Identification of the seven SNPs having a high degree of association with control of and defense against the corn silk fly and phorid fly provides one of ordinary skill in the art the means for testing and identifying the presence of the genes responsible for controlling and defending against the corn silk fly and phorid fly in maize plants. The ability to test for and identify these genes is highly useful and advantageous to plant breeders seeking to develop maize plant lines that control for and defend against the corn silk fly and phorid fly.

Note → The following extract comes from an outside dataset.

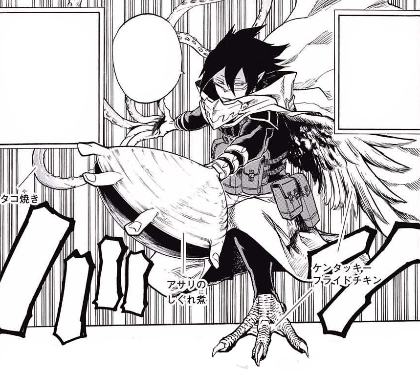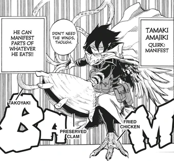 Tamaki amajikis quirk manifest is a transformative ability which allows him to manifest the characteristics of the food he eats. He has messy indigo hair which sticks out behind his head and thin tired looking eyes partially covered by his bangs despite the fact that theyre supposed to be split as to not impair his vision. His quirk also seems to push the foods characteristics to the max as eating kfc chicken wings gives him actual wings capable of flight despite chickens being unable to fly.

Sources of Materials and Equipment

All of the materials and equipment that are employed in the methods and used for producing the products of the invention are commercially available from sources known to those having ordinary skill in the art. The initial seed sources were from the Corn Host Plant

Resistance Unit at Mississippi State, MS and from A&C’s commercial sweet corn breeding program. RAPiD Genomics’s“Capture-Seq” genotyping method was utilized to identify the SNPs. Capture-Seq is a commercial service provided by RAPiD Genomics.

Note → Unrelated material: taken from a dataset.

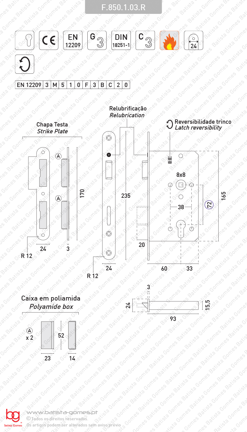 F.850.1.03.R - Testa cantos redondos FECHADURA EMBUTIR PARA CILINDRO EUROPEU Grau 3 / Utilização elevada EN 12209 Certificação CE Classe 3 ( DIN 18251-1 )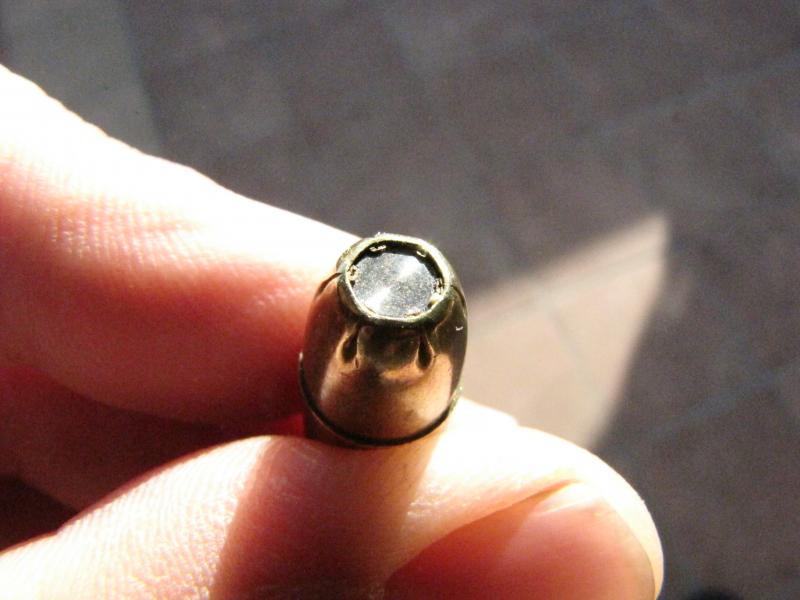 Tengo claro el calibre y la punta expansiva, así como que es +P lo que me despista es la especie de tapa ¿acero? que lleva en la punta. El culote lo pinté de verde con un rotulador y luego lo limpie para que resaltaran las letras por eso el color de estas.

Seed Deposits of Parental Inbred Lines and Initial Hybrids

Because seed is living material, and must be produced over time, there are only limited quantities of the inbred lines 1115, 1118, and 1150 available for deposit at the present time.

There are also limited quantities of maize hybrids containing one or more of the foregoing parental inbred lines available for deposit. For these reasons, seed deposits have been made with the American Type Culture Collection (ATCC) in the following amounts: ATCC Patent Deposit Designations PT A- 124546 (AC 266Y) (2,000 seeds), PT A- 124547 (AC 274YST) (2,000 seeds), PT A- 124548 (NBD 01) (2,000 seeds), PT A- 124549 (NBD 02) (2,000 seeds) and PT A- 124550 (NBD 03) (200 seeds). The amounts deposited will be supplemented after seed increases are available in the future.

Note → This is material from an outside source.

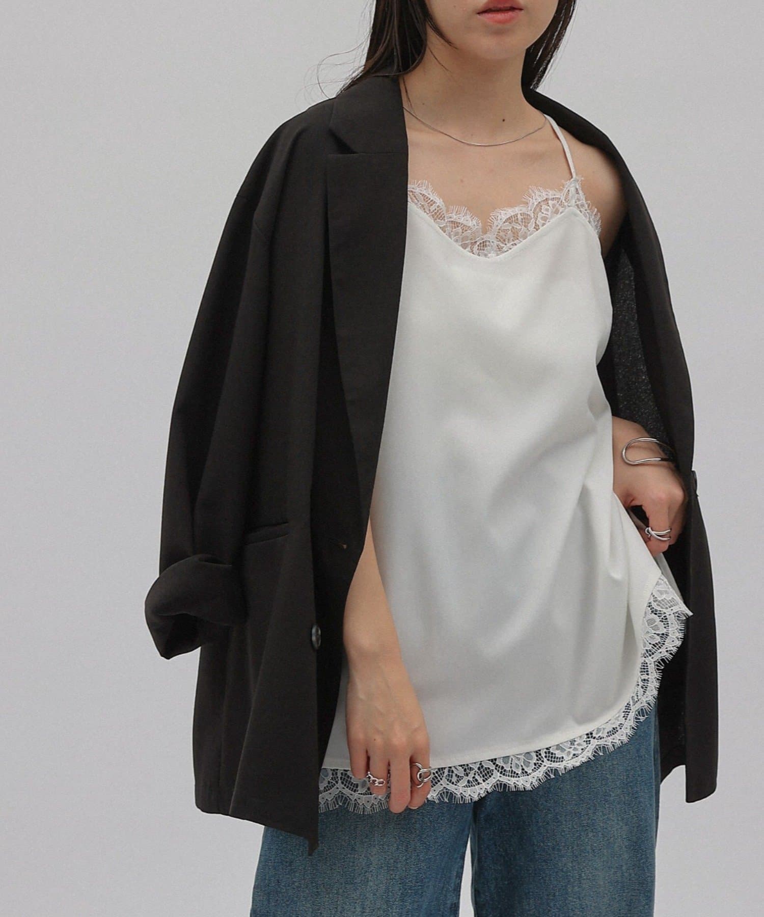 合わせるだけでぐっとトレンド感UPができる万能レースキャミチュニックです。

While the present invention has been described herein with specificity, and with reference to certain preferred embodiments thereof, those of ordinary skill in the art will recognize numerous variations, modifications and substitutions of that which has been described which can be made, and which are within the scope and spirit of the invention. It is intended that all of these modifications and variations be within the scope of the present invention as it is described and claimed herein, and that the invention be limited only by the scope of the claims which follow, and that such claims be interpreted as broadly as is reasonable.